I have no idea what Hamsher's group is going to do.  Obama has a notorious reputation of using grassroots progressives to get elected and then kicking them to the curb once he no longer needs them.  I probably should not be saying that right now - but it is a fact.  And from what I can tell, he is not running as a progressive, but a populist.  People should not be supporting Obama because they believe he is some progressive champion, or expect him to magically become one once he is elected.  Not going to happen, people.  I am ok with that.  After 8 years of Bush and the Christian Right, I am ok with a mainstream Dem leader who is not always going to go as far as I'd like him to.   In fact, after eight years of policies guided by a fringe ideological minority, I am down with some unsexy pragmatism.  I think we have some real problems that need addressed before we can start getting huffy.  
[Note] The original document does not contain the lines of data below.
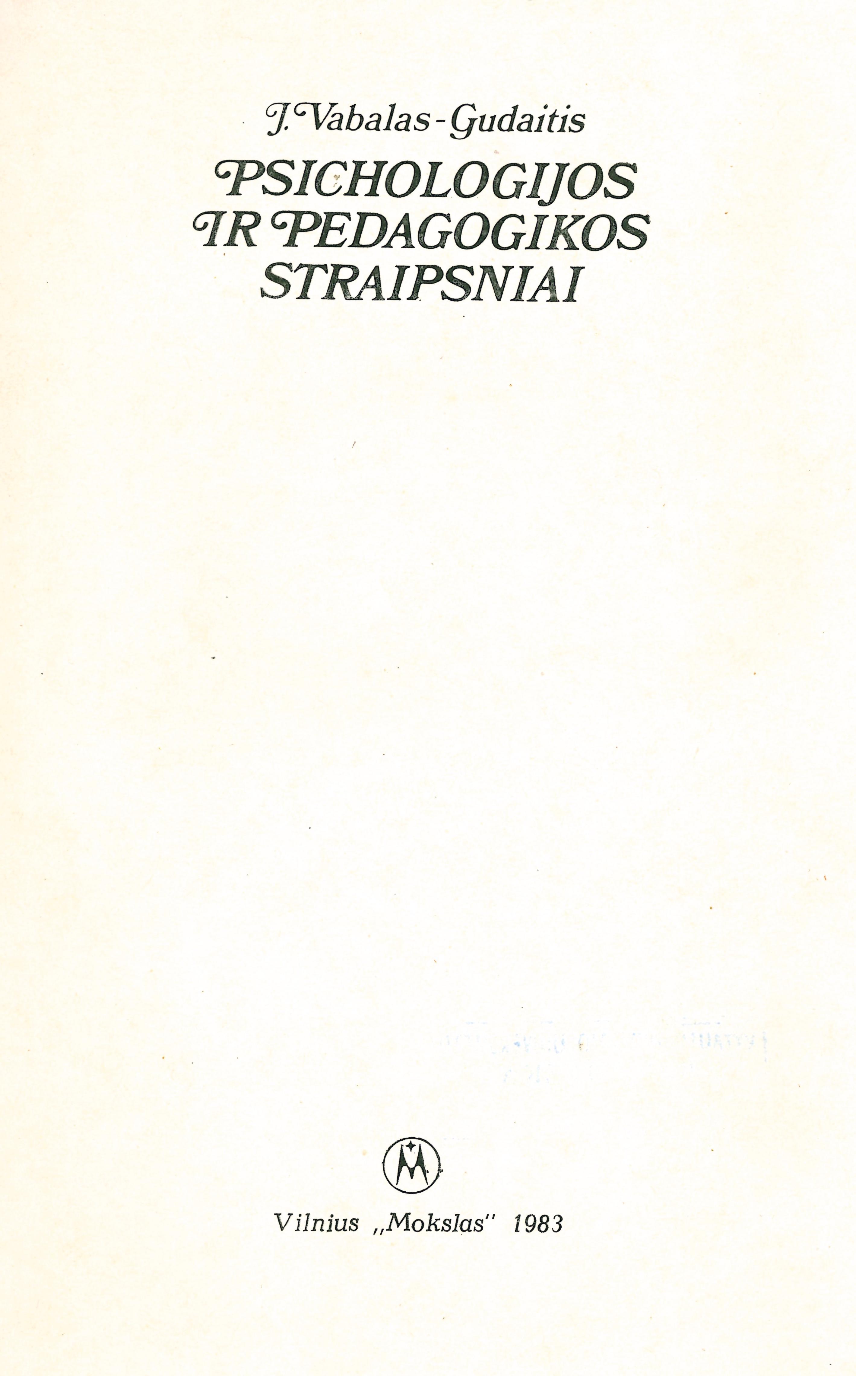 | Autorius | Jonas Vabalas Gudaitis, Humanitarinių mokslų fakultetas |
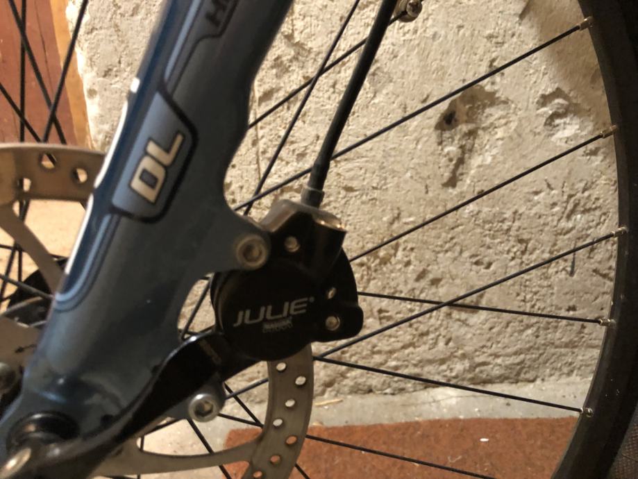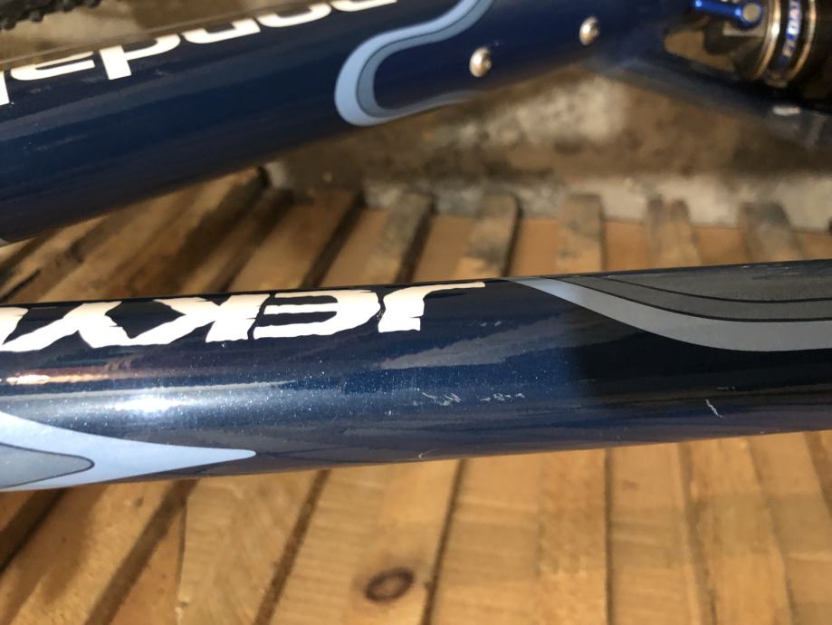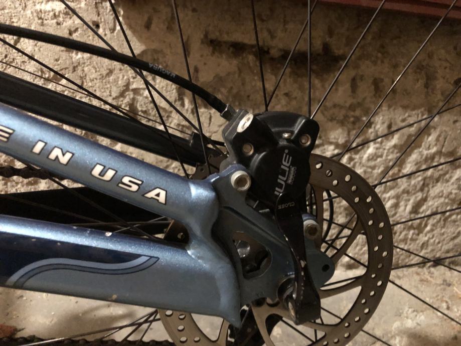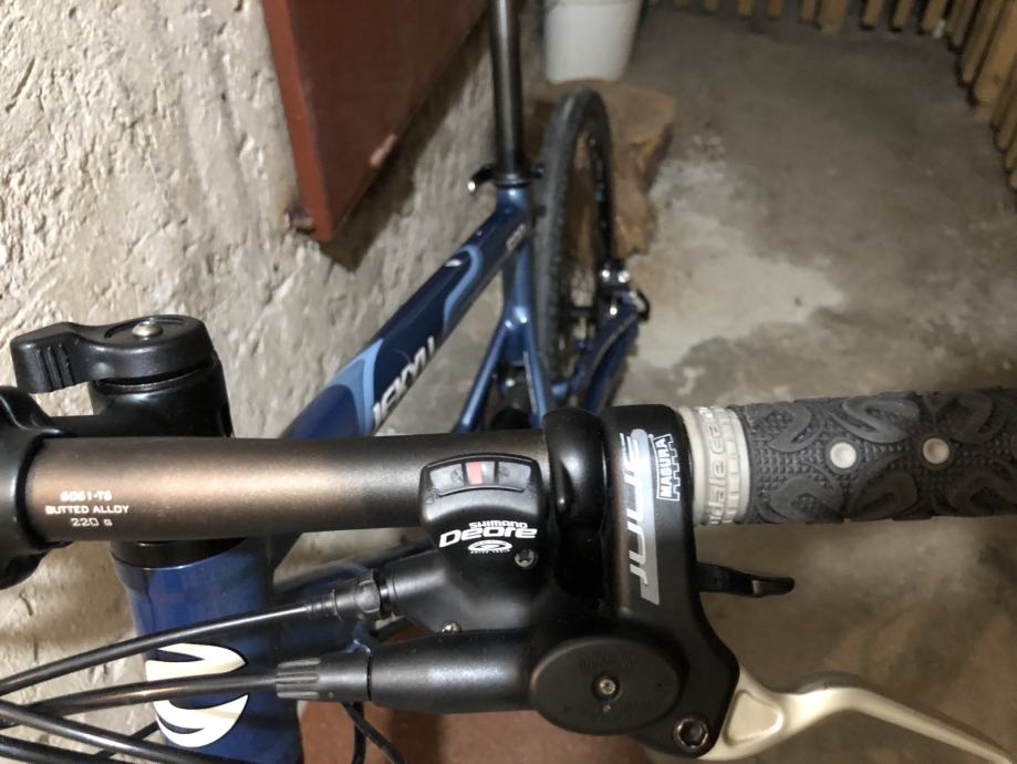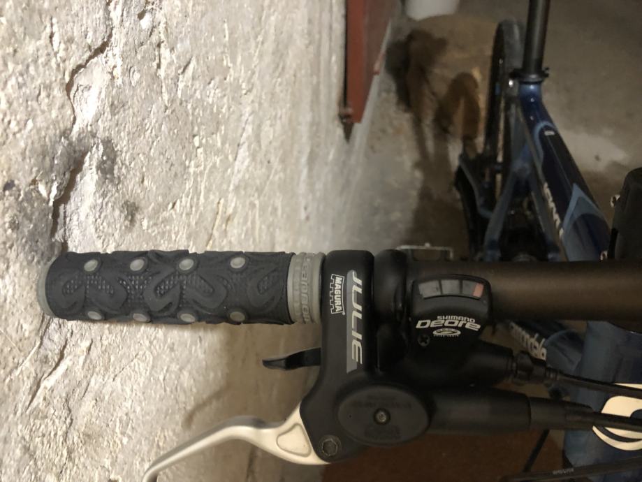 Oprema deore/lx/xt, kocnice magura julie, obruci mavic sa deore nabama, straznji fox shock, podesiva geometrija rame. Potreban servis zadnjeg mjenjaca i nisam siguran radi li lockout vilice kako treba. Gume cestovne. Osim nekoliko manjih ogrebotina na rami i jedne vece ogrebotini na vilici jako je ocuvan.
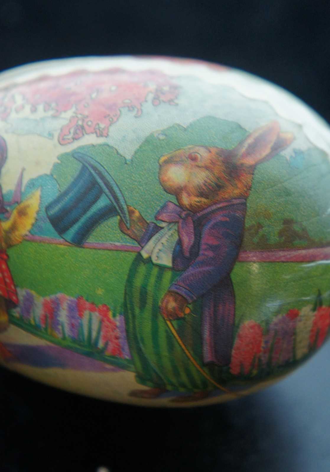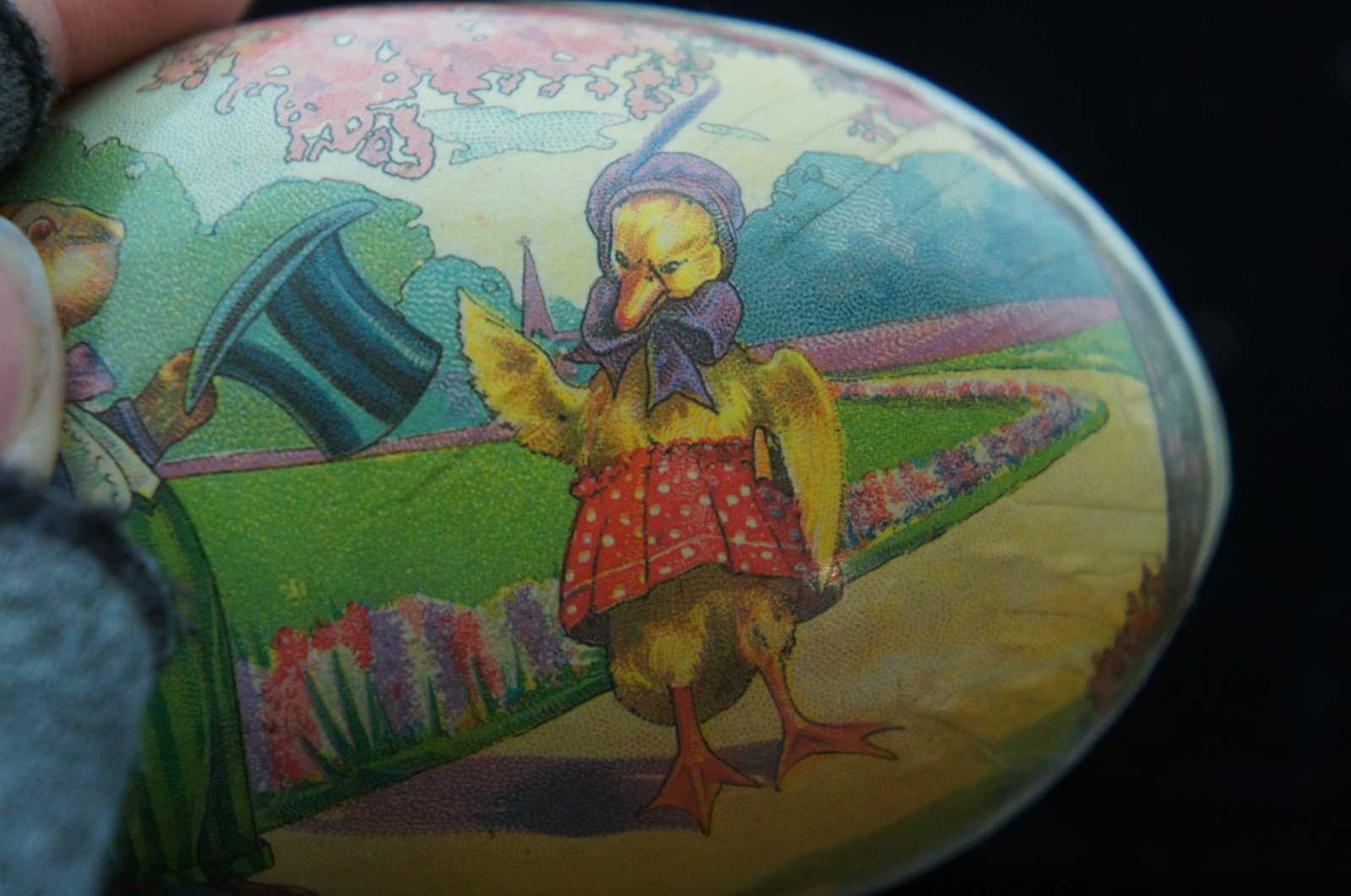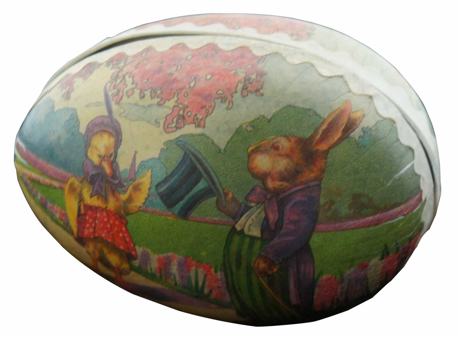 Antique German paper mache Easter egg candy container, featuring a lithograph scene showing an anthropomorphized duck rejecting the advances of a well dressed rabbit in the park.
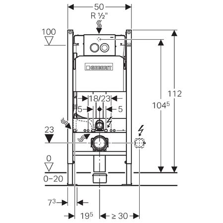 - Оснащен трубкой подвода воды для подсоединения унитазов-биде Geberit AquaClean
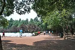 The park has an extension of 38.9 hectares,[2] located in the far west of the Coyoacán borough next to Ciudad Universitaria .[3] From its initial creation by Miguel Angel de Quevedo, the area has operated primarily as a tree nursery, growing seedlings for reforestation projects. The nursery operation produces about one million seedlings per year, which are mostly planted in and around Mexico City.[3][4] Most of the park's area is planted with trees, and it is considered to be one of Mexico City's “lungs.” Other areas are dedicated to seed beds, orchards and greenhouses.[3][5] The area used to be part of a ranch called Panzacola, and a few remains of this can still be seen such as the ruins of a small rectangular chapel and a well, with a date marking of November 18, 1918.[3]
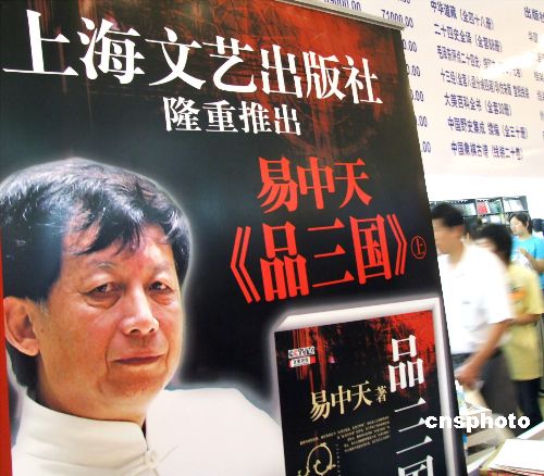 2007年4月11日,据上海文艺出版社副总编辑魏心宏介绍,在近16个月中,易中天所著的6本书已经为该出版社创造了将近一亿元的产值。截至目前,易中天《品三国》上册销量已经达到220万册,下册预定数量已经超过180万册,预定数量还在继续。预计三个月后,上下册总量极有可能突破500万册。中新社发 井韦 摄
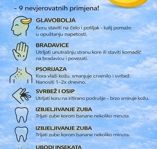 Glavobolja – Banane su bogate kalijem, tako da bi trebalo staviti koru preko čela, i stražnji dio vrata za ublažavanje glavobolje.
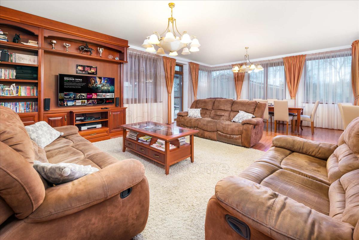 Elosztás: földszint: szoba + fürdő, wc + gardrób + wc + háztartási helység + fitnesz szoba + előszoba + amerikai konyhás nappali dolgozó sarokkal.
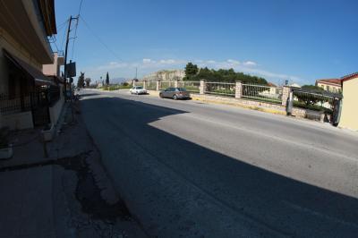 デルフィ村メイン通り中間にある。広々として、谷、海までの眺望。
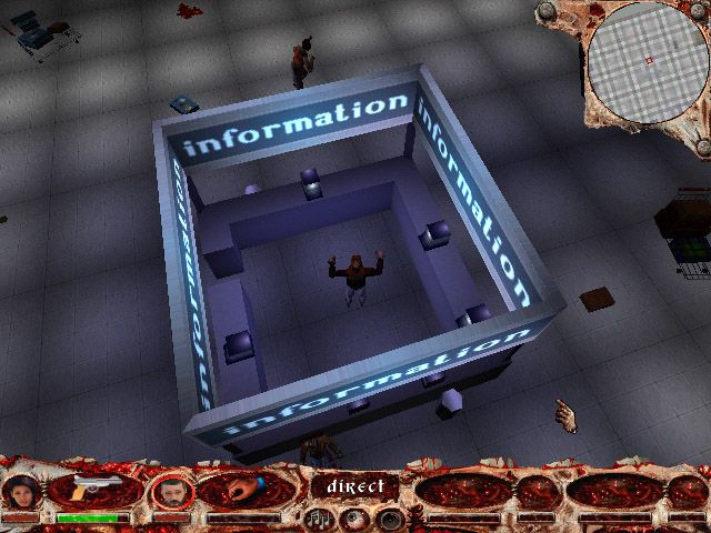 Visually, Flesh Feast leans into its horror-comedy roots. The island resort setting transforms from sun-drenched beaches to blood-smeared hallways with seamless transitions, and each area—from the morgue’s flickering fluorescent lights to the neon glow of the airport terminal—carries its own mood. Textures aren’t cutting-edge by modern standards, but they’re detailed enough to convey grime, rust, and the gore you’d expect in a zombie title.
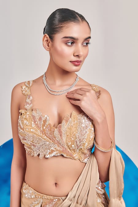 Champagne gold pre-draped saree featuring a pleated design with sequin embroidered floral appliques. Paired with a padded cut-out blouse adorned with cutdana embellishments.
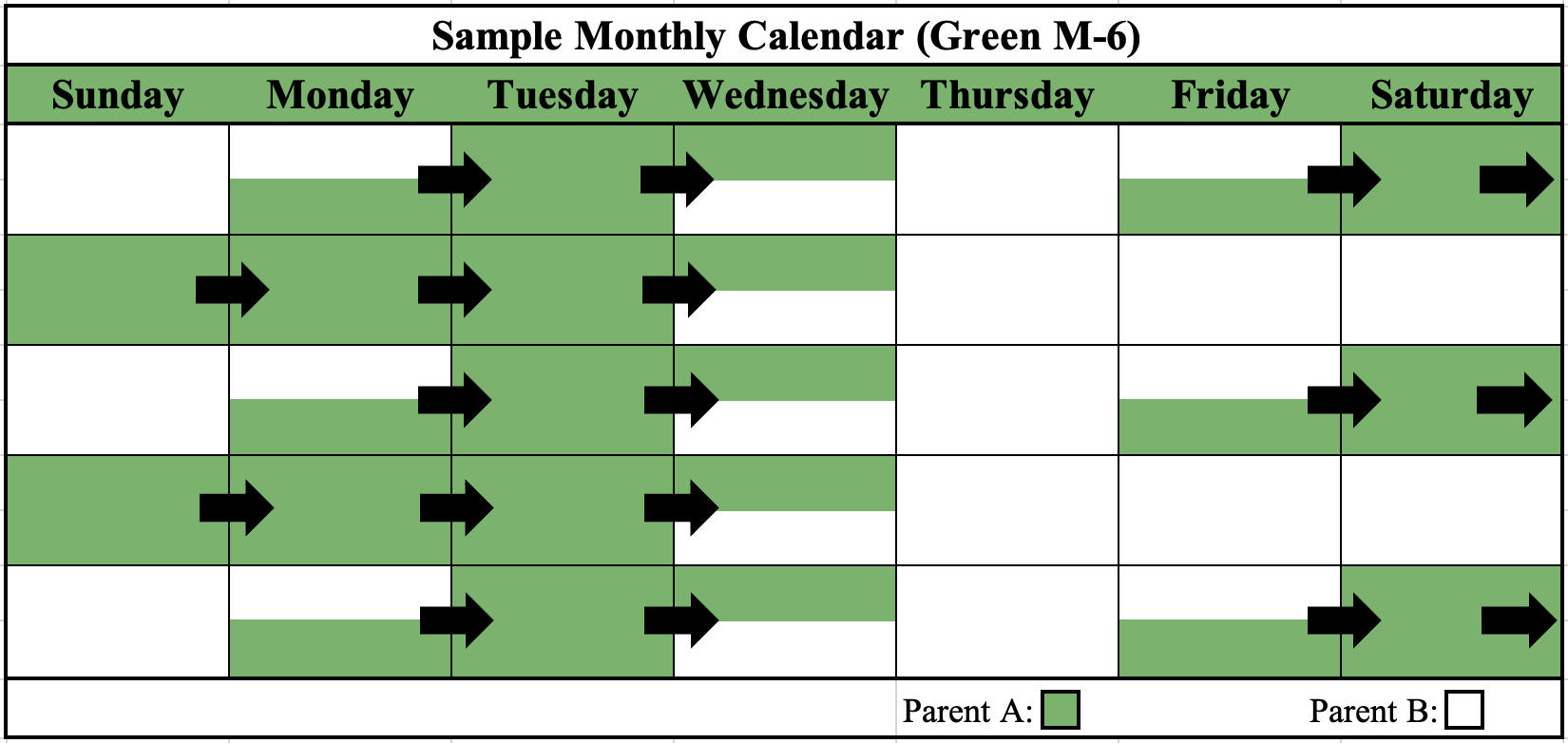 Each week, parents will split physical custody of the child(ren) during the weekdays (Session A).

Anyway, I do most of my work at the local level.  I support these online initiatives, but feel like I can have a greater impact doing what I do now.  It's also infinitely more rewarding than the MoveOn genre of politics.  

3.  This diary was supposed to be about the experience of working on a campaign, NOT about bloggers and youtube and netroots and such.  I'm more interested in that, and I thought it would be interesting to the reader here - because I don't even know if you have anything comparable in Europe.

"Pretending that you already know the answer when you don't is not actually very helpful." ~Migeru.